Overall your first part seems to assume more something like reinforcement learning where parts are assigned credit for good planning. I would expect the opposite: one planning process which is "rewarded" by a committee.

parsimonious theory which matched observations well

With parsimony... predictive processing in my opinion explains a lot for a relatively simple and elegant model. On the theory side it's for example

  • how you can make a bayesian approximator using local computations
  • how hierarchical models can grow in an evolutionary plausible way
  • why predictions, why actions

On the how do things feel for humans from the inside, for example

  • some phenomena about attention
  • what is that feeling when you are e.g. missing the right word, or something seems out of place
  • what's up with psychedelics
  • & more

On the neuroscience side

  • my non-expert impression is the evidence that at least cortex is following the pattern that neurons at higher processing stages generate predictions that bias processing at lower levels is growing

I don't think predictive processing should try to explain all about humans. In one direction, animals are running on predictive processing as well, but are missing some crucial ingredient. In the opposite direction, simpler organisms had older control systems (eg hormones),we have them as well, and p.p. must be in some sense be stacked on top of that.

I don't think predictive processing should try to explain all about humans. In one direction, animals are running on predictive processing as well, but are missing some crucial ingredient. In the opposite direction, simpler organisms had older control systems (eg hormones),we have them as well, and p.p. must be in some sense be stacked on top of that.

For what it's worth, I actually do expect that something like predictive processing is also going on with other systems built out of stuff that is not neurons, such as control systems that use steroids (which include hormones in animals) or RNA or other things for signaling and yet other things for determining set points and error distances. As I have mentioned, I think of living things as being in the same category as steam engine governors and thermostats, all united by the operation of control systems that locally decrease entropy and produce information. Obviously there are distinctions that are interesting and important for in various ways, but also important ways in which these distinctions are distractions from the common mechanism powering everything we care about.
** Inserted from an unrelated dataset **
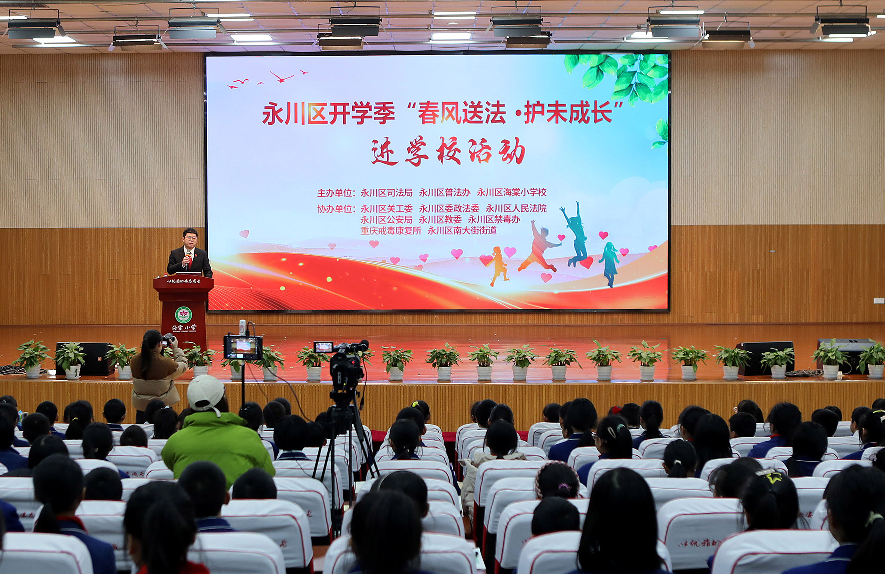 2月27日,重慶市永川區(qū)普法辦會同區(qū)關(guān)工委、區(qū)委政法委、區(qū)法院、區(qū)公安局、區(qū)司法局、區(qū)教委等13家單位,走進海棠小學開展“春風送法 護未成長”法治宣傳活動。

We can't literally call this predictive coding since that theory is about neurons and brains, so a better name with appropriate historical precedence might be something like a "cybernetic" theory of life, although unfortunately cybernetics has been cheapened over the years in ways that make that ring of hokum, so maybe there is some other way to name this idea that avoids that issue.

Desire and aversion are what it feels like to notice prediction error is high and for the brain to take actions it predicts will lower it either by something happening (seeing sensory input) or not happening (not seeing sensory input), respectively.

What? It seems like there's more to "good" and "bad" than "familiar" and "surprising", respectively. Things can be unpleasant and familiar, or surprising and good.